Avoid discovery assessments with proper disclosure


Discovery assessments

Generally a tax payer should have certainty about their tax affairs and this means that HMRC should not be able to enquire into a return after a year from the date of its submission. This default position can be overturned if HMRC make a ‘discovery assessment’ because this can extend the enquiry window to 20 years after the tax year in deliberate cases and to 6 years after the tax year in other cases. Tax payers should always seek to minimise the possibility of a discovery assessment by making good quality disclosure (often ‘white space’ disclosure) in their tax returns. This is because HMRC can only make a discovery assessment about something which they could not have not have known about from the return.

What is a ‘sufficient’ disclosure?

Following the Court of Appeal case of Langham v Veltema in 2004 HMRC published a statement of practice (SP/106) applying to income tax, CGT and corporation tax. The case considered the sufficiency of the information made available to a hypothetical officer for the purposes of the test in TMA 1970 s29(5).

In that case, an employer gave a house to a director who also controlled the employing company. The director’s self-assessment return was prepared on the basis that the property was worth £100,000. The return was processed without the need for correction. HMRC formed the opinion that the company’s corporation tax return should reflect the property transfer at £145,000. A discovery assessment was issued.

The Appellant argued that the property was discoverable from his return and HMRC had been aware of the possible deficiency for over 12 months and were out of time. The Court of Appeal found that TMA 1970 s 29(5) did not preclude HMRC from raising a further assessment because the taxpayer/agent had not clearly alerted HMRC to the insufficiency of the assessment. In the circumstances, the Inspector could not ‘reasonably be expected’ to infer that the assessment was incorrect based on the information given.

SP/106, which was released after the Veltema case includes examples illustrating the information that should be disclosed in the additional information space for a return to reduce the risk of a discovery assessment in certain situations:

• Who undertook a valuation (whether an independent and qualified professional);

• For exceptional items in accounts, specify details and how they have been allocated to revenue/capital;

• Where an interpretation of law is relied upon (differing to that published by HMRC) that view should be included.

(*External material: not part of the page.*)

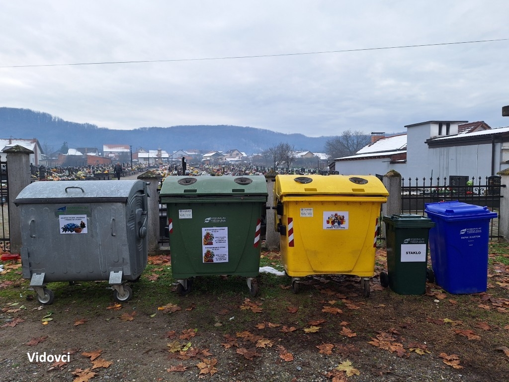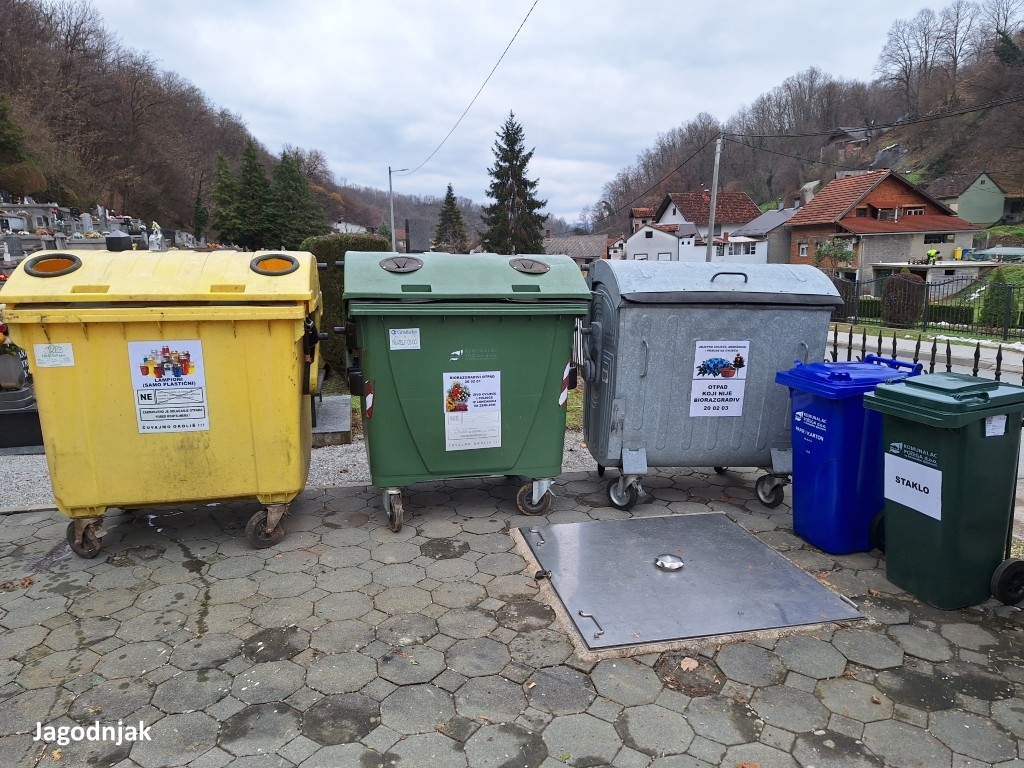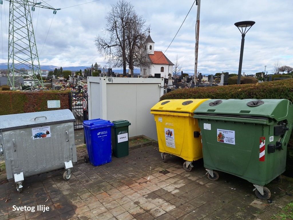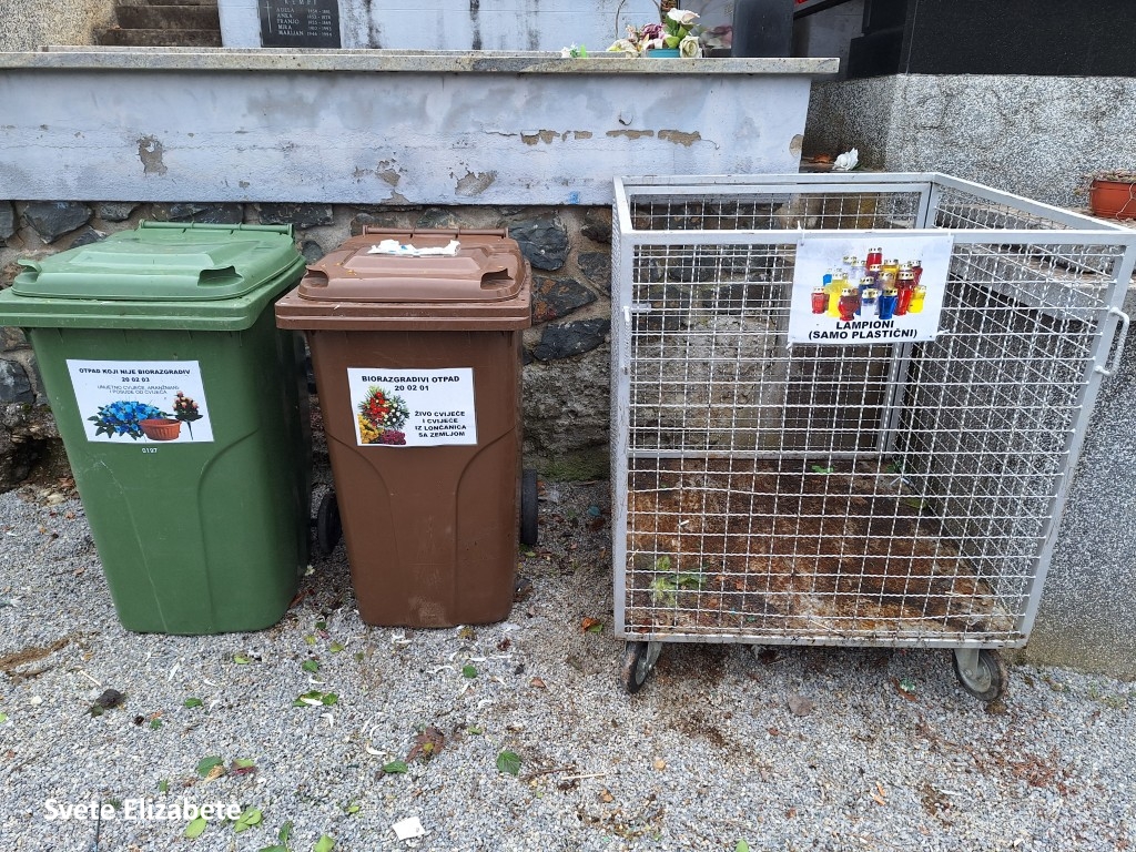 Na nekim su grobljima postavljeni zeleni otoci s mrežastim spremnicima te kantama od 120 ili 240 litara, jasno označenima za koju su vrstu otpada namijenjeni.

In short tax payers should take a common-sense approach in explaining any points to HMRC which are open to interpretation.

Final comment

When we (Forbes Dawson) advise clients on disclosures we do so very much with the above principles in mind to ensure that they can take comfort after a year that their returns have been ‘accepted’. This is how the self-assessment mechanism is meant to work and it is right that an honest taxpayer should have some certainty over their affairs after a reasonable length of time. If a discovery assessment is made then our first step is to consider whether it has been validly made, based on the disclosures in the original tax return.